▸ Aim of the exercise
Could you print the listing again exactly, omitting the pictures?

▸ Collected data
::::::::

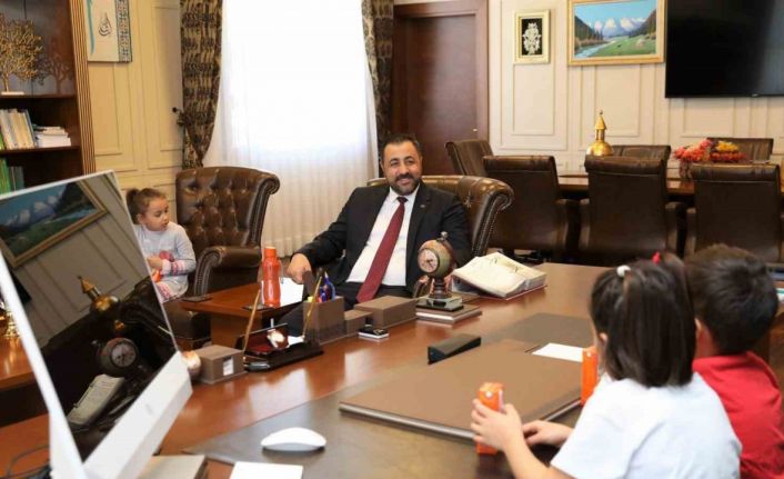 23 Nisan Ulusal Egemenlik ve Çocuk Bayramı dolayısıyla ALKÜ Uygulama Anaokulu öğrenci ve öğretmenleri ALKÜ Rektörü Prof. Dr. Ekrem Kalan’a ziyarette bulundu. 23 Nisan Ulusal Egemenlik ve Çocuk Bayramı dolayısı ile her yıl olduğu gibi bu yıl da makam koltukları bir günlüğüne çocuklara devredildi. Kalan, bu yıl makam koltuğunu ALKÜ Uygulama Anaokulu öğrencisi Can İlhan ve Deniz Mercan Akdenizli’ye devretti. Günün anlam ve önemi çerçevesinde öğrenciler ile bir araya gelen Rektör Kalan, minik öğrenciler ile tek tek sohbet etti. Rektör Kalan’ın öğrencilere yönelttiği sorulara verilen yanıtlar ise ortamda neşeli anlara sahne oldu.
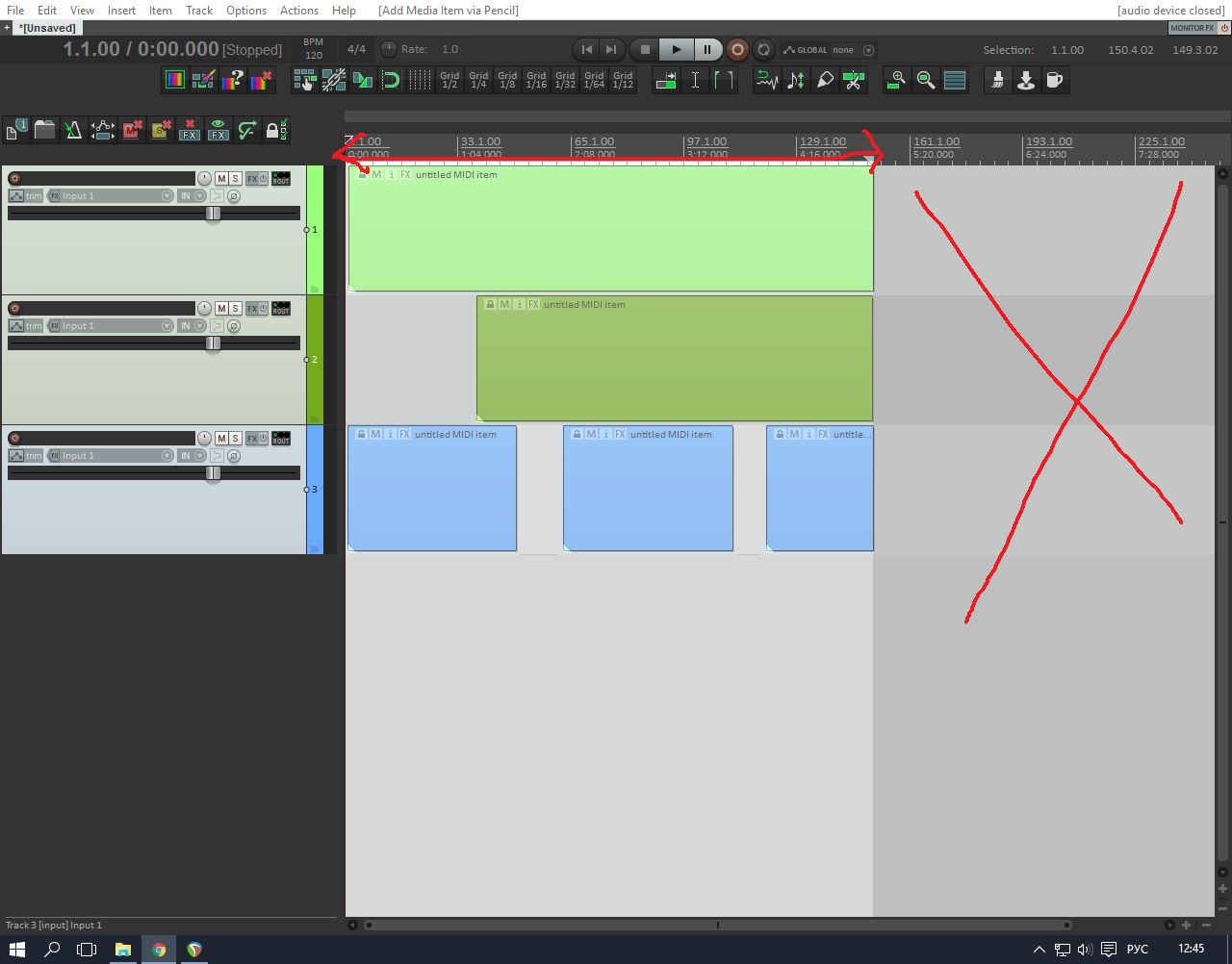 А оно и не прерывается. И воспроизведение не перескакивент на новое положение курсора (так эта вертикальная линия называется), если вы тыкате в айтэм, а не в свободное поле в аранже.А не подскажите, как сделать так, чтобы при клике мышкой в арранджменте во время воспроизведения трека, воспроизведение не прерывалось и не перескакивало в то место, куда кликнул? (В место где появляется эта длинная вертикальная линия.)
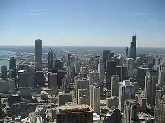 Небесная линия Чикаго с высоты башни Джон Хэнкок центр. Аон центр слева и Сирс тауэр справа
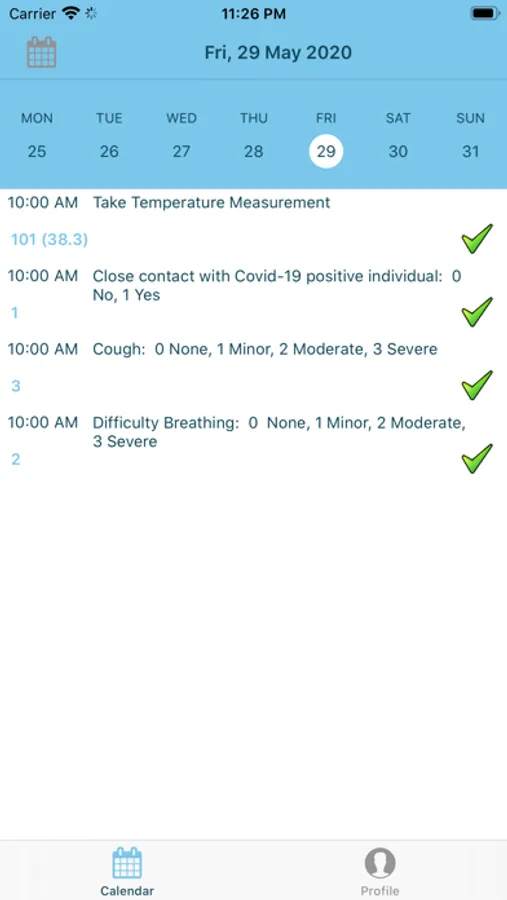 InterveneRx app allows registered users of our program to view their daily calendar on scheduled activities relating to home care.

::::::::

▸ Exercise solution
 23 Nisan Ulusal Egemenlik ve Çocuk Bayramı dolayısıyla ALKÜ Uygulama Anaokulu öğrenci ve öğretmenleri ALKÜ Rektörü Prof. Dr. Ekrem Kalan’a ziyarette bulundu. 23 Nisan Ulusal Egemenlik ve Çocuk Bayramı dolayısı ile her yıl olduğu gibi bu yıl da makam koltukları bir günlüğüne çocuklara devredildi. Kalan, bu yıl makam koltuğunu ALKÜ Uygulama Anaokulu öğrencisi Can İlhan ve Deniz Mercan Akdenizli’ye devretti. Günün anlam ve önemi çerçevesinde öğrenciler ile bir araya gelen Rektör Kalan, minik öğrenciler ile tek tek sohbet etti. Rektör Kalan’ın öğrencilere yönelttiği sorulara verilen yanıtlar ise ortamda neşeli anlara sahne oldu.
 А оно и не прерывается. И воспроизведение не перескакивент на новое положение курсора (так эта вертикальная линия называется), если вы тыкате в айтэм, а не в свободное поле в аранже.А не подскажите, как сделать так, чтобы при клике мышкой в арранджменте во время воспроизведения трека, воспроизведение не прерывалось и не перескакивало в то место, куда кликнул? (В место где появляется эта длинная вертикальная линия.)
 Небесная линия Чикаго с высоты башни Джон Хэнкок центр. Аон центр слева и Сирс тауэр справа
 InterveneRx app allows registered users of our program to view their daily calendar on scheduled activities relating to home care.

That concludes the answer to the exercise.